En bref
• Remède d’action générale.
• Fièvre prolongée.
• Fièvre intermittentes.
• Suite de maladie avec perte de liquide du corps.

Origine du remède
Le quinquina, écorce d’un arbre des
Andes. C’est le premier remède qu’Hahnemann eut l’idée d’expéri-
menter sur lui-même pour jeter les bases de la technique homéopathique.

Actions dominantes
Décroissance des forces psychiques et physiques analogue à celle rencontrée dans les fièvres prolongées ou les suites de pertes de liquides du corps (hémorragies, sueurs, diarrhées, vomissements, suppurations, lactation prolongée). Hypotension avec vertiges, maux de tête, affaiblissement cardiaque.

Signes secondaires
Hypersensibilité au toucher. Maux de tête pulsatiles. Bourdonnements d’oreille. Les troubles surviennent un jour sur deux. Aggravation selon des rythmes périodiques, au moindre
contact, par perte de liquide du corps (hémorragies, sudation diarhées), par les courants d’air.
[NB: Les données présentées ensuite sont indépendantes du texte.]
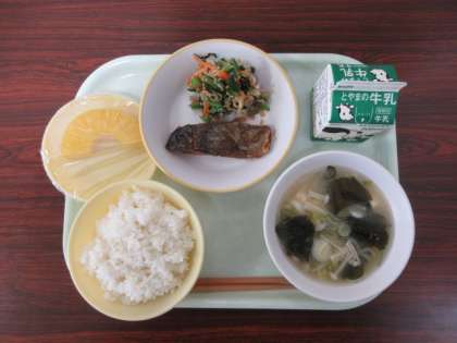 今日の献立は、ご飯  魚の蒲焼き  みそ汁  はりはり和え  カットパイン  牛乳でした

Amélioration par la chaleur, par la pression forte.

Modalités d’utilisation
1. Hémorragies et diarrhées.
2. Convalescences après états fébriles et après hémorragies.

Domaine d’action
• Etat général.
• Système vasculaire.
• Equilibre hydrique.

Synergie possible
Belladona, Millefolium, Kalium phosphoricum.

Type sensible
Tous les sujets débilités et affaiblis. Il est rare que les sujets dynamiques et nerveux aient besoin de China.